■ What is needed
Please set down only the lines from the one containing "吹抜け上部のガラス屋根から、室内に光が降り注ぎます。" through the end of the entries below, exactly, minus any pictures.

■ Material to process

────────

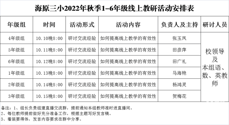 为了落实文件精神,提高线上教学的有效性,我校进一步加强包组领导巡课制度,布置开展以年级组为单位的线上教研活动。
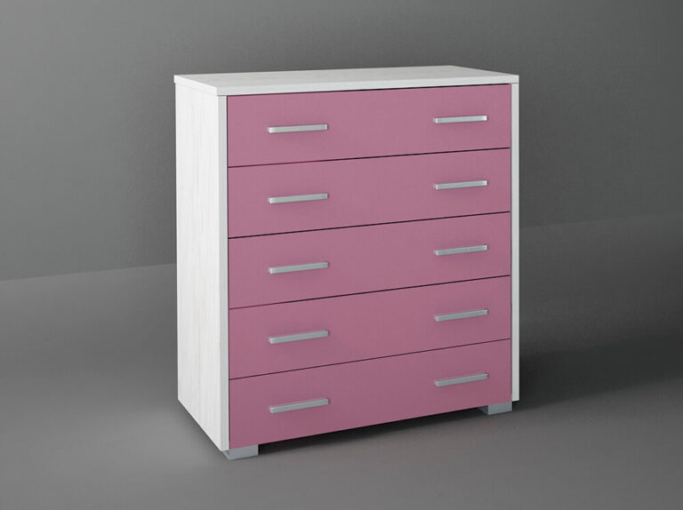 Συρταριέρα με 5 συρτάρια σε χρώμα λευκό ρουστίκ-ροζ 80x45x90
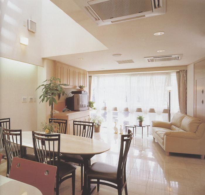 吹抜け上部のガラス屋根から、室内に光が降り注ぎます。
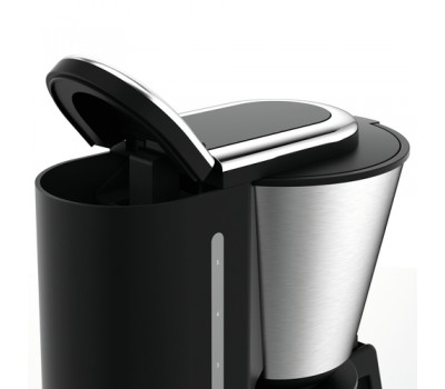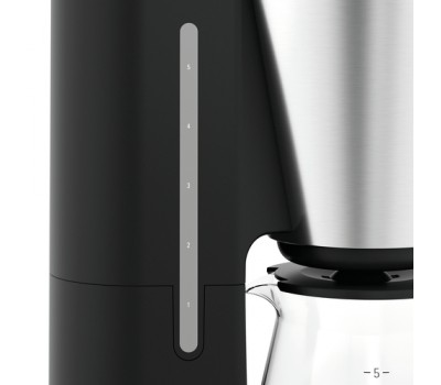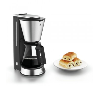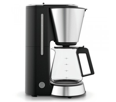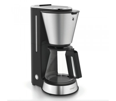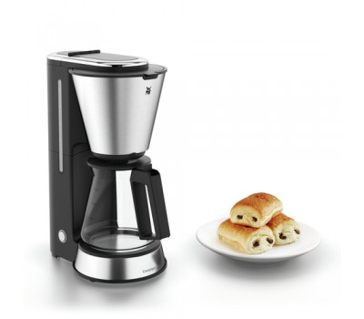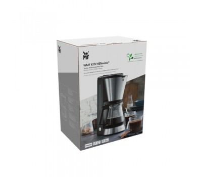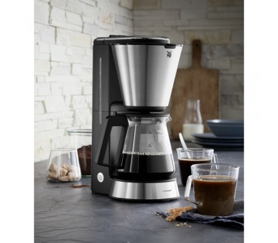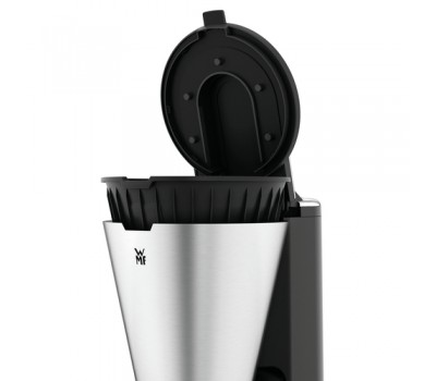Filter coffee is trendy again. The compact, attractive WMF filter coffee machine with Cromargan® casing and attractive glass jug for five cups brews the exact amount required in smaller households. Simply sit back and enjoy aromatic hot coffee from the first cup; thanks to the WMF Hot Brew technology and WMF Aroma Perfection with aroma intensity adjustment. The warming plate with automatic shut-off keeps the coffee in the Aroma glass jug hot for a long time.
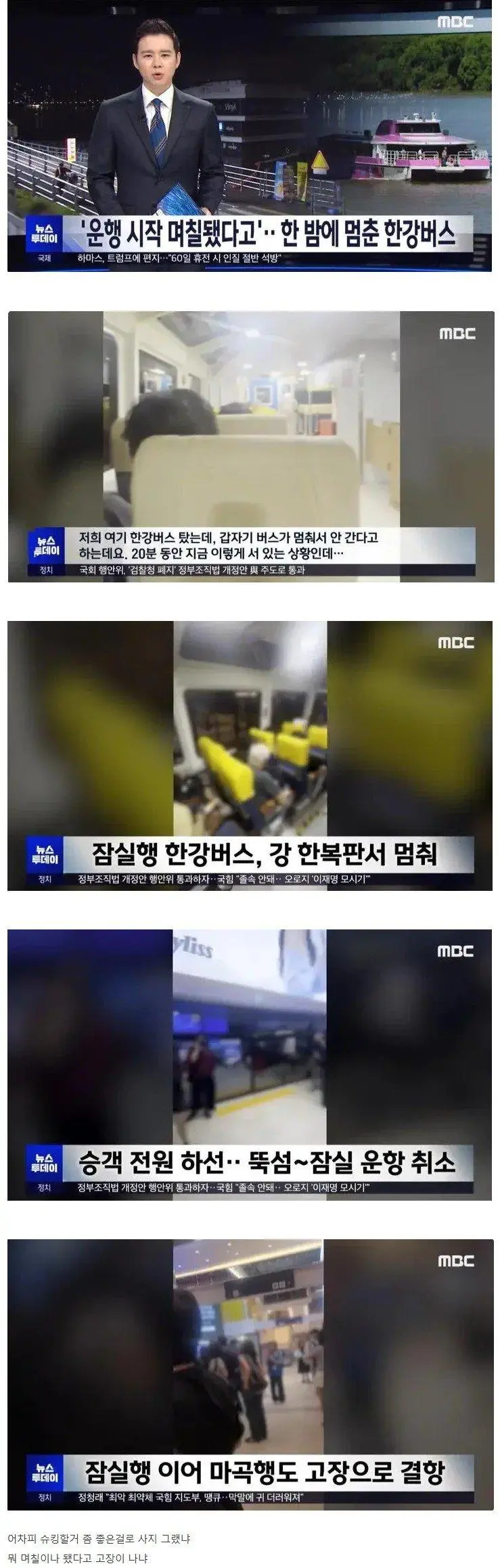 벌써 한강 한복판에 고장난 한강 버스!!!!
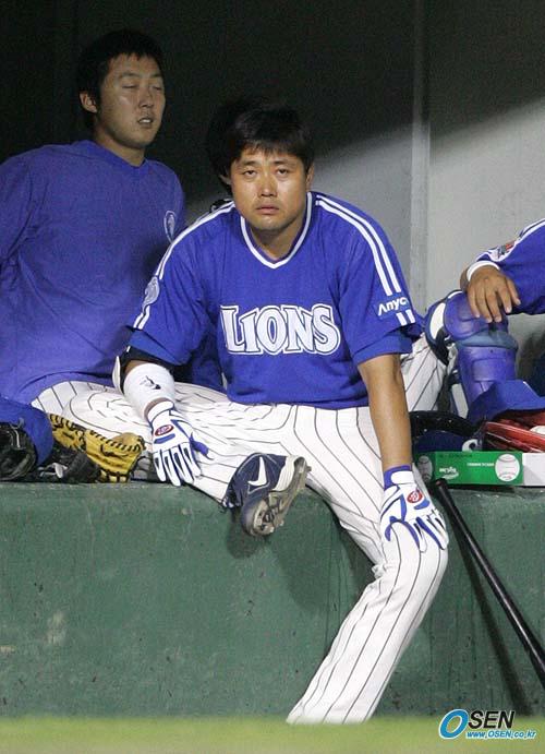 3일 잠실야구장에서 벌어진 LG 트윈스와 삼성 라이온즈의 경기서 LG가 삼성에 6-3으로 재역전승을 거뒀다. 좌완 왈론드가 LG 선발로 나와 벤치를 지키던 양준혁이 덕아웃에 걸터 앉아 대타로 기용되기를 기다리고 있다. 양준혁은 결국 9회초 조동찬 대신 선두 타자로 기용됐으나 경헌호를 상대로 2루수 땅볼로 물러났다. /잠실=손용호 기자 spjj@osen.co.kr [Copyright ⓒ OSEN(www.osen.co.kr) 무단전재 및 재배포 금지]
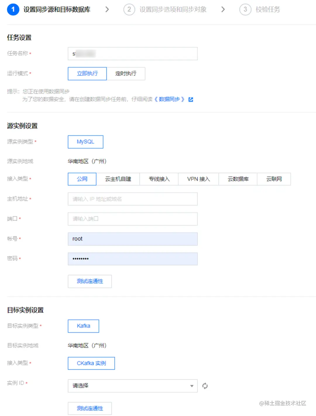 配置 DTS 连接源库和目标库,源库配置中填入 MySQL 的主机地址/端口/用户名/密码,目标库选择 CKafka 实例 ID。
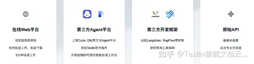 TextIn文档解析工具就是一款可以嵌入到知识库运作中的文档预处理工具,它有多种的接入方式,支持线上云端使用、API调用、MCP接口以及已上架如Dify、Coze等Agent搭建平台。
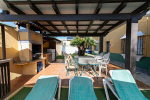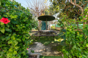 El exterior de la villa es igualmente impresionante. Una piscina cubierta ajustable permite disfrutar de un baño en cualquier época del año. El área de recreo incluye una zona de barbacoa, un comedor al aire libre y una auténtica barca de espetos, creando el ambiente perfecto para las reuniones sociales. El jardín privado está rodeado de árboles frutales, ofreciendo un espacio verde y tranquilo para relajarse.

────────

■ Answer section
 吹抜け上部のガラス屋根から、室内に光が降り注ぎます。
Filter coffee is trendy again. The compact, attractive WMF filter coffee machine with Cromargan® casing and attractive glass jug for five cups brews the exact amount required in smaller households. Simply sit back and enjoy aromatic hot coffee from the first cup; thanks to the WMF Hot Brew technology and WMF Aroma Perfection with aroma intensity adjustment. The warming plate with automatic shut-off keeps the coffee in the Aroma glass jug hot for a long time.
 벌써 한강 한복판에 고장난 한강 버스!!!!
 3일 잠실야구장에서 벌어진 LG 트윈스와 삼성 라이온즈의 경기서 LG가 삼성에 6-3으로 재역전승을 거뒀다. 좌완 왈론드가 LG 선발로 나와 벤치를 지키던 양준혁이 덕아웃에 걸터 앉아 대타로 기용되기를 기다리고 있다. 양준혁은 결국 9회초 조동찬 대신 선두 타자로 기용됐으나 경헌호를 상대로 2루수 땅볼로 물러났다. /잠실=손용호 기자 spjj@osen.co.kr [Copyright ⓒ OSEN(www.osen.co.kr) 무단전재 및 재배포 금지]
 配置 DTS 连接源库和目标库,源库配置中填入 MySQL 的主机地址/端口/用户名/密码,目标库选择 CKafka 实例 ID。
 TextIn文档解析工具就是一款可以嵌入到知识库运作中的文档预处理工具,它有多种的接入方式,支持线上云端使用、API调用、MCP接口以及已上架如Dify、Coze等Agent搭建平台。
 El exterior de la villa es igualmente impresionante. Una piscina cubierta ajustable permite disfrutar de un baño en cualquier época del año. El área de recreo incluye una zona de barbacoa, un comedor al aire libre y una auténtica barca de espetos, creando el ambiente perfecto para las reuniones sociales. El jardín privado está rodeado de árboles frutales, ofreciendo un espacio verde y tranquilo para relajarse.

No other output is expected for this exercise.